In December, the U.S. Environmental Protection Agency (EPA) issued a proposed rule designed to reduce the amount of ground-level ozone (O3), also known as “smog.”[1] The proposed rule would reduce the concentration of ozone pollution in the air from 75 parts per billion (ppb) to 65-70 ppb. The agency also has asked for comments from the public on lowering levels to 60 ppb.[2]
High levels of air pollution (fine particles, ozone, acidic aerosols, and nitrogen oxides) are associated with making asthma symptoms worse.[3] The short-term health impacts of O3 include “decreased lung function, increased respiratory symptoms and pulmonary inflammation.” Longterm exposures can cause respiratory symptoms, diseases, and death. Decreasing O3 levels is expected to better protect children, the elderly, and people with asthma.[4]
African Americans suffer disproportionately from asthma and other diseases and conditions made worse by air pollution. The rates of hospitalizations and deaths due to asthma are both 3 times higher among African Americans than among whites.[5] Black children visited the emergency department for asthma at a rate 260% higher that white children, had a 250% higher hospitalization rate, and had a 500% higher death rate from asthma, than white children.[6]
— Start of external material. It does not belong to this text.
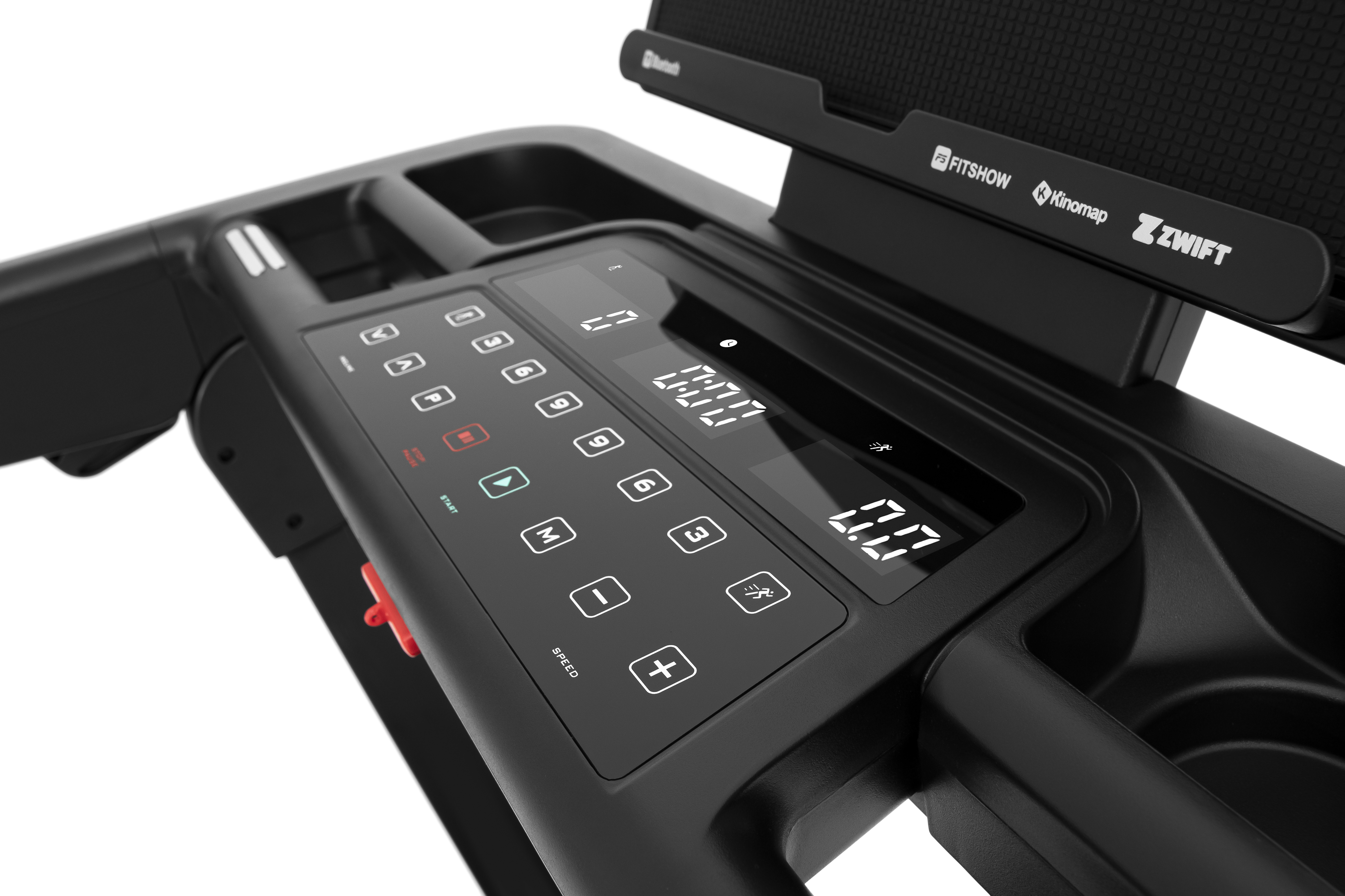 Тренировочный компьютер является еще одним преимуществом тренажера. В отличии от большинства других компактных дорожек, Aura Labs™ Оdyssey обладает полноценной консолью на уровне стационарных дорожек. Большие удобные функциональные клавиши, 3-х экранный LED-дисплей, 2 подставки под бутылку и полки для хранения, а также подставка под планшет с USB зарядкой. Тренировочный компьютер включает в себя 24 предустановленные программы для ходьбы и бега, 3 программы обратного отсчета времени, дистанции и калорий. 3 пользовательские программы позволяют создать собственные тренировочные профили. Пульс можно контролировать с помощью одной из двух пульсозависимых программ – для получения точных значений в консоль встроен беспроводной приемник пульса Bluetooth™ Wireless (для работы требуется ремень-передатчик, приобретается отдельно). Жироанализатор Body Fat покажет уровень жира в организме.

For the Final Rule, we urge the EPA to revise the standard to 60 ppb for O3. We believe that this lower limit will better protect vulnerable populations, and reduce the disproportionate health burden suffered by African Americans from asthma.
You can see the comments filed with the EPA by Living Well Black here: LWB EPA O3 Comments
–Janell Mayo Duncan
[1] “National Ambient Air Quality Standards for Ozone,” 79 Fed. Reg. 72234, 75236 (December 17, 2014).
[2] McCarthy, Gina, EPA Administrator, “U.S. EPA: We need tougher ozone standards,” CNN Money, November 26, 2014. http://money.cnn.com/2014/11/26/news/economy/epa-stronger-ozone-standard/
[3] “Children’s Environmental Health Disparities: Black and African American Children and Asthma,” U.S. Environmental Protection Agency, http://www.epa.gov/epahome/sciencenb/asthma/HD_AA_Asthma.pdf. (viewed 3/17/2014)
[4] 79 Fed. Reg. at 75236 (December 17, 2014).
[5] Centers for Disease Control and Prevention. Asthma prevalence, health care use and mortality: United States, 2003-05 and Heron MP, Hoyert DL, Murphy SL, Xu JQ, Kochanek KD, Tejada-Vera B. Deaths: Final Data for 2006. National vital statistics reports; vol 57 no 14. Hyattsville, MD: National Center for Health Statistics. 2009.